Concise, critical reviews of books, exhibitions, and projects in all areas and periods of art history and visual studies
January 9, 2018
Niall Atkinson The Noisy Renaissance: Sound, Architecture, and Florentine Urban Life University Park: Penn State University Press, 2016. 280 pp.; 50 color ills.; 110 b/w ills. Hardcover $39.95 (9780271071206)
Thumbnail

After first poking around in The Noisy Renaissance, I found myself wondering when during the day Donatello worked most efficiently, where he stashed his ready cash, whom he spoke with on a regular basis, and how he responded when he heard a bell ring. After reading Atkinson’s book, I know that Donatello’s response to the ringing of a bell would have depended on where he was, on which bell was sounding, and on the time of day, the day of the week, and the moment in the cycle of the religious calendar. Atkinson makes it clear that Renaissance Florentines needed to understand the meaning of every bong and ding. Unexpected clanging, especially if it came from bells controlled by the government, would have been alarming. Bells were vehicles that transmitted “messages across the urban landscape” (3).

Atkinson builds his case carefully, relating stories in chapter 1 that demonstrate the role of sound in Florence’s early modern history. In chapters 2 and 3, he documents when, where, how, and how often bells conveyed messages across the cityscape.

Atkinson’s study expands our understanding of what it was like to be alive in Renaissance Florence; with each such enrichment we can feel more confident about our perception of the roles that art, architecture, urban planning, and material culture played in the lives of citizens. Bells, he concludes, “connected inhabitants to the most intimate aspects of their lives: to their religion, their spiritual expression, their past, their dead, their government, their safety, their civic duties, their labor, and their collective celebrations” (11). It was sobering for me to realize that bells played a larger role in the civic experience than did the newest sculpture at Orsanmichele or the inclusion of a notable beauty’s portrait in a painting. While the history of Florence I had re-created in my mind had revolutionary works of art as guideposts, I’ve realized that such works played a small role in the lives of most Florentines. While the emphasis on material culture encouraged me to study objects that lie beyond the elitist limitations of “great art,” Atkinson’s work goes beyond the material realm, bringing into our consciousness the noises that flowed through the windows of artisans’ workshops.

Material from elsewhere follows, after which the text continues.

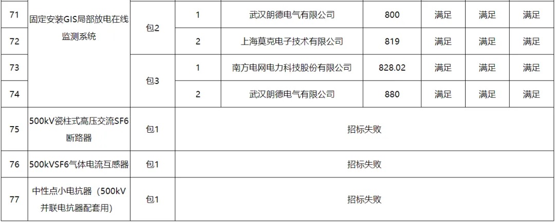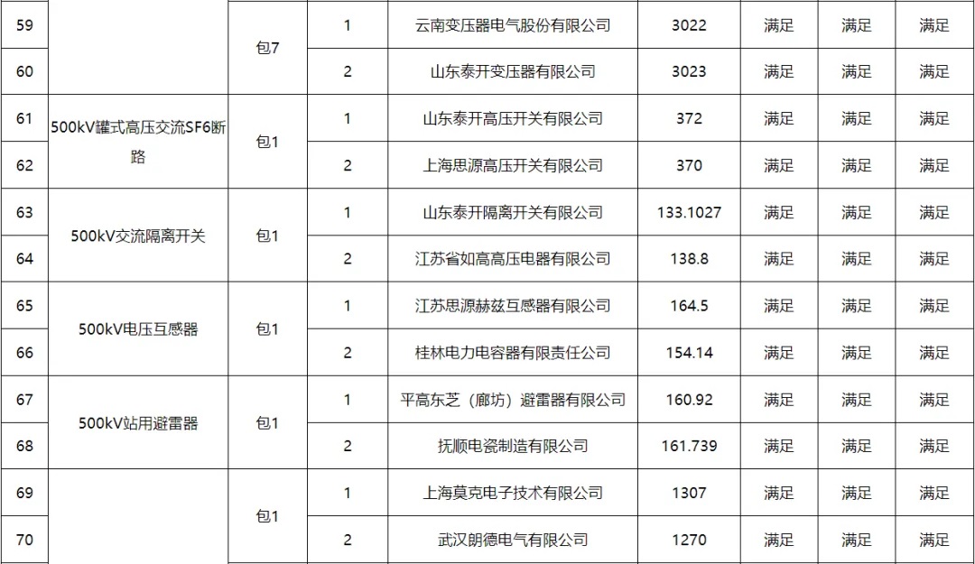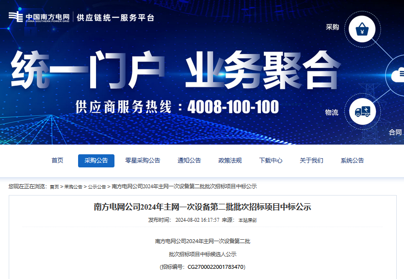 南方电网公司2024年主网一次设备第二批批次招标项目中标候选人公示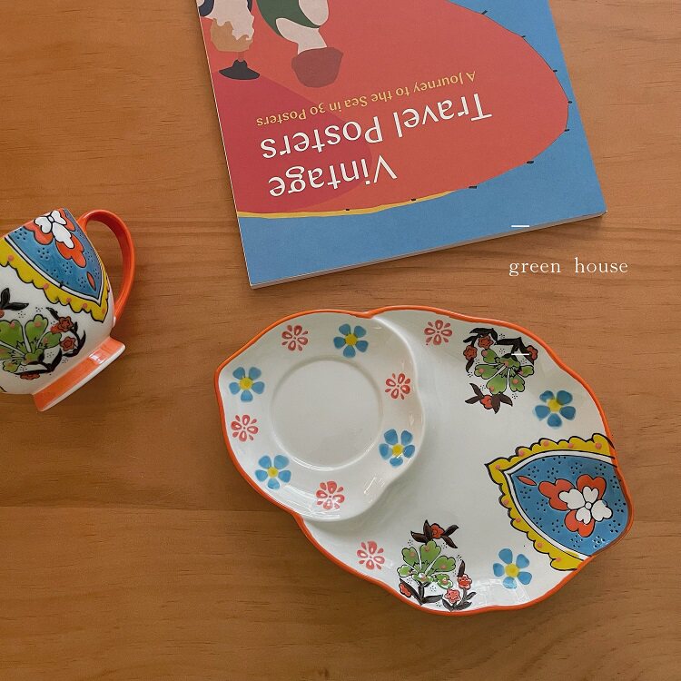 Зеленый дом * Северная нишевая ручка цветов иллюстрация кофейная чашка диск

For this septuagenarian, who took his first art-history class at Oberlin in 1960, Atkinson’s study demonstrates how broadly and quickly—or so it seems to me—our discipline has expanded. When I was in graduate school, the Florentine towers so important for Atkinson’s thesis were ignored except for the Duomo Campanile, which had been designed by “major” artists. The bells themselves would have been considered inconsequential and the sounds they made irretrievable. Now Atkinson’s research has demonstrated that the “soundscape” of Renaissance Florence can be re-created and that the ringing of bells established a daily “dialogue” between the city’s architecture and the bodies of its citizens (1). Given the richness of the Florentine archives, are there any questions that cannot be asked?

Atkinson’s mining of those archives demonstrates that one needed the approval of the commune to construct a bell tower and that the owner of an established tower could challenge anyone proposing to erect another nearby. The size of a bell—and hence its volume and resonance—was sometimes adjudicated in the courtroom. Atkinson uses diaries, poems, novellas, and other writings to explain how the bells impacted Florentines every day. A tolling bell could even bring to mind a historic event. When the Montanina—a trophy of war brought to Florence in 1303 after a victory over the Pistoians—rang out from the tower of the Bargello, many Florentines may have experienced a rush of civic pride. Reminders of historic victories can consolidate patriotic fervor and bolster support for the current government. The legislative activity around bells reveals that the government had a vested interest in controlling Florence’s soundscape: “Clear sounds meant clear messages, and they were as important an element of urban space as streets and squares” (142).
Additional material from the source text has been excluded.